Les papes, surtout Pie XII, ont parlé de la terre. (Cf. « Problèmes agricoles et ruraux », Editions de Solesmes) :

« La crainte de Dieu, la confiance en Dieu, la foi vive qui trouve son expression quotidienne dans la prière commune de la famille, régissent et guident la vie des travailleurs des champs ; l’église reste le cœur du village, le lieu sacré, qui suivant les traditions des Pères, réunit chaque dimanche les habitants, dans la louange et le service de Dieu, en lui demandant la force de penser et de vivre chrétiennement tous les jours de la semaine qui commence.

Qualités de l’agriculteur

C’est à vous qu’il appartient de montrer que l’exploitation agricole, précisément à cause de son caractère familial, n’exclut pas les réels avantages des autres formes d’exploitation et en évite les inconvénients. Montrez-vous donc toujours intelligents, attentifs, actifs dans le soin de la terre natale, toujours travaillée, jamais exploitée au mauvais sens du terme. Montrez-vous réfléchis, parcimonieux, ouverts au progrès, dans l’emploi généreux de votre propre capital et de celui des autres, dans la mesure favorable au travail, mais non préjudiciable à l’avenir de votre famille.

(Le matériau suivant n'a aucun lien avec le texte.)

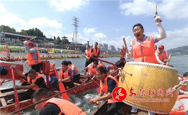 上午10時許,龍舟文化園禮炮轟鳴,數(shù)百健兒痛快地飲下“摔碗酒”,隨后依次登上自己隊伍的龍舟。紅色、黃色、紫色的龍舟整齊劃一地?吭诮叄堫^高昂,龍尾高翹,槳櫓浮動,旗幟飄揚。聞聲而來的群眾齊聚兩岸,駐足圍觀。總指揮一聲哨響,木槳齊動,龍舟似箭掠過無垠江面直逼江心,留下層層白浪;一艘艘或逆流勇進,或順流而下,或徑直橫渡,瞬間點燃觀眾激情,不時引得大家齊聲吶喊。號子聲、鑼鼓聲、吶喊聲、歡呼聲,此起彼伏,聲聲震天。隊員們跟隨著鼓點賣力地劃槳,舵手隨著龍舟行進的方向不停調(diào)整把舵,龍舟的速度不斷加快,再快,更快。

(…) Le péché a rendu pénible le travail de la terre, mais ce n’est pas lui qui l’a introduit dans le monde. Avant le péché, Dieu avait donné à l’homme la terre à cultiver, comme l’occasion la plus belle et la plus honorable dans l’ordre naturel. » Pie XII, 15 novembre 1946

L’enthousiasme dans le travail

« Travailler à la sauvegarde de l’agriculture française, n’est-ce pas un idéal aussi beau, aussi noble, aussi élevé que celui du savant, de l’explorateur, du missionnaire, ou autrefois, celui du chevalier ! Car le paysan est à la base de la société et sans lui, rien ne saurait survivre ! » Abbé Philbert Rigault : Le bon travail (p. 22)

Le travail

Ne pouvant transcrire plusieurs des pages du bon ouvrage de l’abbé Rigault sur cette notion, je renvoie le lecteur aux pages p. 37 – 41 (Le bon travail, aux Éditions de Chiré)

« Tu gagneras ton pain à la sueur de ton front », tel est l’enseignement de Dieu après la transgression de nos premiers parents.

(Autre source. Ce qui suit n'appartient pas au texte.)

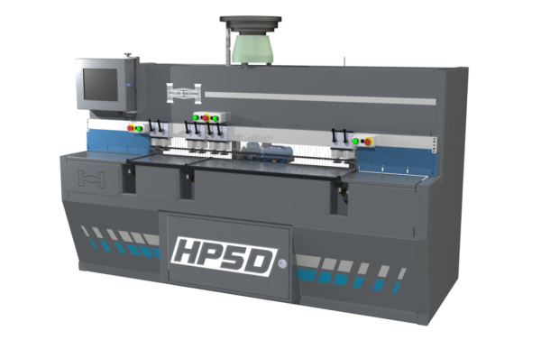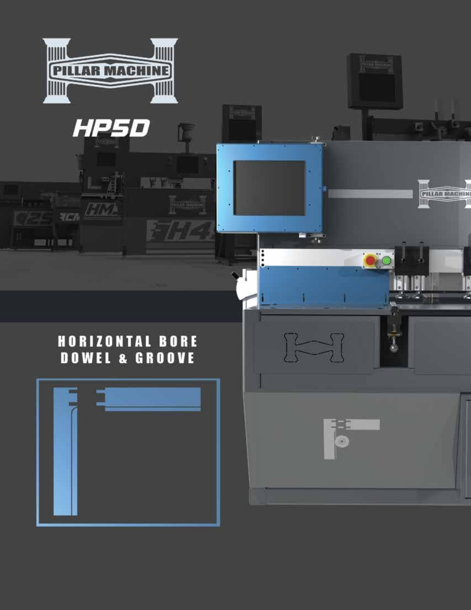 The model HP5D is a horizontal point to point bore and dowel insertion and panel groove machining center. It is designed to CNC position a drill spindle, bore a hole, then CNC position the dowel inserter, inject glue or water (for pre-glued dowels), and insert the dowel into the hole. As well as cut a panel groove in the center section of the inside edge of the door stile and the entire inside edge of the door rail material.

Le monde de la machine ne peut, ne doit remplacer l’apprentissage de l’effort personnel. « Certes, conclut-il, on ne revient pas en arrière, nous ne voulons ni ne pouvons retourner à l’âge des cavernes. Nous acceptons la machine comme d’une béquille perfectionnée et nous en usons comme d’un vêtement. De cette manière, aussi bas que nous soyons tombés dans la complexité de notre organisation, nous pouvons remonter, lentement et pas à pas, vers la simplification de la vie. En mettant un frein à notre penchant pour la facilité matérielle, en refaisant l’apprentissage de l’effort personnel. » (p. 41)

 

Pour conclure cette partie, écoutons, lisons ce qu’en 1945, Bernanos disait : « On ne comprend rien à la civilisation moderne si l’on n’admet pas d’abord qu’elle est une conspiration universelle contre toute espèce de vie intérieure. »

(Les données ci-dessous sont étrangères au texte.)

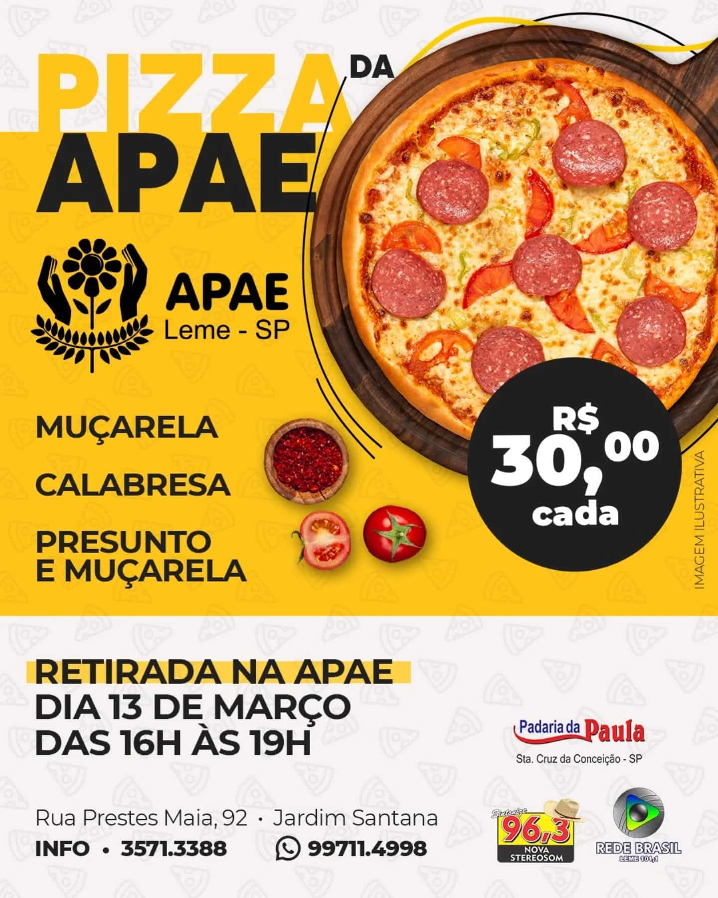 A APAE de Leme (SP) realiza mais uma ação solidária com o objetivo de arrecadar recursos para a manutenção de seus serviços. Trata-se da “Pizza da APAE”, que oferece pizzas a R$ 30,00 cada, em três sabores: muçarela, calabresa e presunto com muçarela.

Et pour ce fait, il faut donc remettre de l’ordre (voir Le Bon Travail, p. 51)

 

* * *

 

Je vous propose un moment de détente en découvrant, pour un bon nombre sans doute, le monde des abeilles.

 

Les abeilles, modèle de vie sociale :

  • Bénédiction des abeilles : « Dieu tout-puissant, qui avez créé le ciel et la terre et tous les animaux vivant sur eux et en eux ; qui avez ordonné par les ministres de votre sainte Église que la cire des abeilles soit apportée dans vos temples pour les fonctions sacrées au cours desquelles elle brûle en présence du sacrement du Corps et du Sang de Notre-Seigneur Jésus-Christ : que votre bénédiction descende sur ces abeilles et leurs alvéoles ; qu’elles se multiplient, fructifient et soient conservées de tous les maux, en sorte que le fruit (cire et miel) qui viendra de leur travail vous rende gloire, ainsi qu’à votre Fils, au Saint-Esprit et à la Bienheureuse Vierge Marie. »
  • Bénédiction des Cierges lors de la Chandeleur : « Seigneur saint, Père tout-puissant, Dieu éternel, qui avez fait toutes choses de rien et avez ordonné que par le travail des abeilles cette substance fût transformée en cire (…), daignez bénir et sanctifier ces cierges, pour l’usage des hommes et la guérison des corps et des âmes, tant sur terre que sur mer. » (Première oraison). La troisième oraison est remarquable : « Seigneur Jésus-Christ, lumière véritable qui éclaire tout homme venant en ce monde, répandez votre bénédiction sur ces cierges et sanctifiez-les par les rayons de votre grâce. Faites que comme la flamme de ces cierges dissipe les ténèbres de la nuit, une flamme invisible, à savoir la lumière éclatante du Saint-Esprit, répande également sa clarté dans nos cœurs, les délivre de l’aveuglement du vice et, purifiant le regard de l’esprit, nous donne de pouvoir discerner ce qui vous est agréable en même temps qu’utile à notre salut, en sorte qu’après les obscurités et les dangers de ce siècle, nous puissions parvenir à la lumière qui ne fait jamais défaut. Accordez-le-nous, Jésus-Christ, Sauveur du monde, qui étant Dieu vivez et régnez au sein de la parfaite Trinité, dans tous les siècles des siècles. » Le mot d’ordre de saint Paul est concret : il faut que tout soit instauré, restauré dans le Christ Seigneur. Il est Roi : tout lui appartient, jusqu’à la cire des abeilles.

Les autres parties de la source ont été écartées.